Temperature Sensor: It measures ambient temperature and sends this data periodically (every second) to the gateway via TCP, a reliable, connection-oriented protocol. Humidity Sensor: This sensor sends humidity level data every 3 seconds and utilizes UDP for data transmission, offering a faster, albeit less reliable, connectionless communication method. Moreover, every three seconds, humidity sensor generates an “ALIVE” message to the gateway.
The gateway acts as an intermediary, receiving data from both sensors. It is equipped with multiple threads, each responsible for specific tasks such as listening for incoming data (over concurrent TCP and UDP sockets) and conducting regular health checks (whether if the temperature sensor sent any data over the last 3 seconds, if the humidity sensor sent any data over the last 7 seconds). Finally, gateway uses a handshake-oriented custom protocol over TCP to talk to the server and convey all these information. After processing and repackaging sensor value and health check data, a custom Application Layer protocol is followed before forwarding them to the server.
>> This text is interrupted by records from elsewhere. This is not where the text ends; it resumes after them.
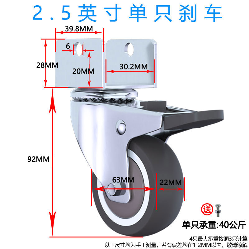 • 1.5inch 브레이크 휠 1개(U 부목 내부 폭 25MM)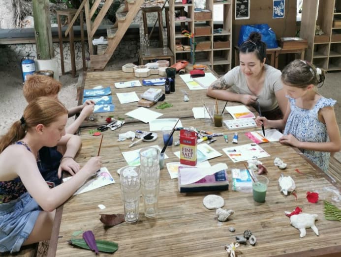 She also introduced children to the coconut rhinoceros beetle, the largest beetle she could find on the island, and encouraged them to interact with it. “With encouragement and security, children would reach out and give the little creature a gentle stroke,” said Zhang.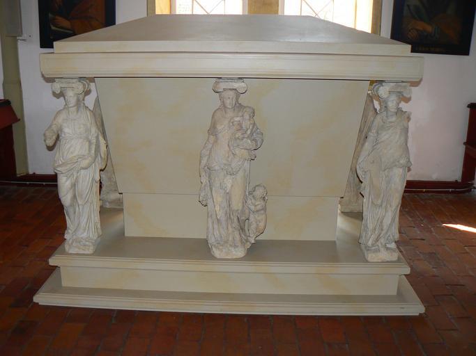 Keywords: Walpurgis-Sarkophag 01.JPG en Walpurgis-Sarkophag wood 1997 with Sandstein-Karyatiden 1586 in St Magnus Kirche in Esens/Germany own Gerardus 2009-04-16 St Magnus Esens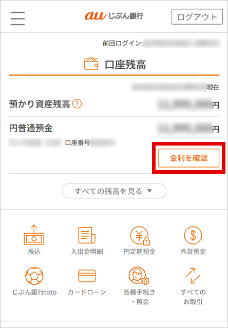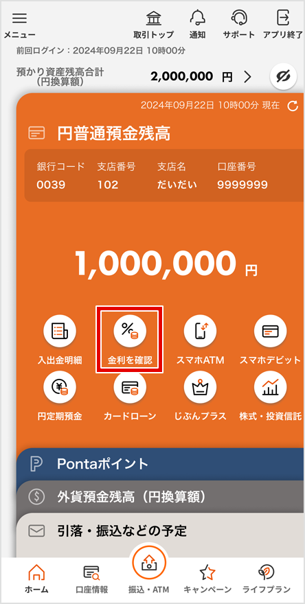 アプリログイン後、トップ画面にある[金利を確認]を選択

A critical feature of this project is the implementation of a custom Application Layer protocol between the gateway and the server. This protocol dictates a specific format for data transmission, ensuring that the server only accepts data structured in a predefined manner. The protocol is connection-oriented and only after establishing a proper handshake the data can be sent/received. This custom protocol enhances the system's data integrity and security, allowing precise control over the format and structure of transmitted data.
The server, also employing multi-threading, listens for incoming data from the gateway (being equipped to work with the custom application layer protocol) and performs additional processing as needed. It exposes this data via a web interface, accessible through HTTP endpoints, which present the information in an easily digestible format for end-users.
The system extensively uses multi-threading across the humidity sensor, gateway, and server to manage concurrent tasks efficiently. This approach allows simultaneous data processing and transmission, health monitoring, and user interface updates. This concurrent programming strategy is vital for maintaining system responsiveness and reliability, especially in handling real-time data and ensuring continuous operation. In summary, this project represents a sophisticated combination of sensor technologies, network protocols, custom data formatting, and concurrent programming. It highlights the innovative use of a custom Application Layer protocol to enhance data communication between the gateway and the server, ensuring that the system not only collects accurate environmental data but also transmits it securely and efficiently for real-time monitoring and analysis.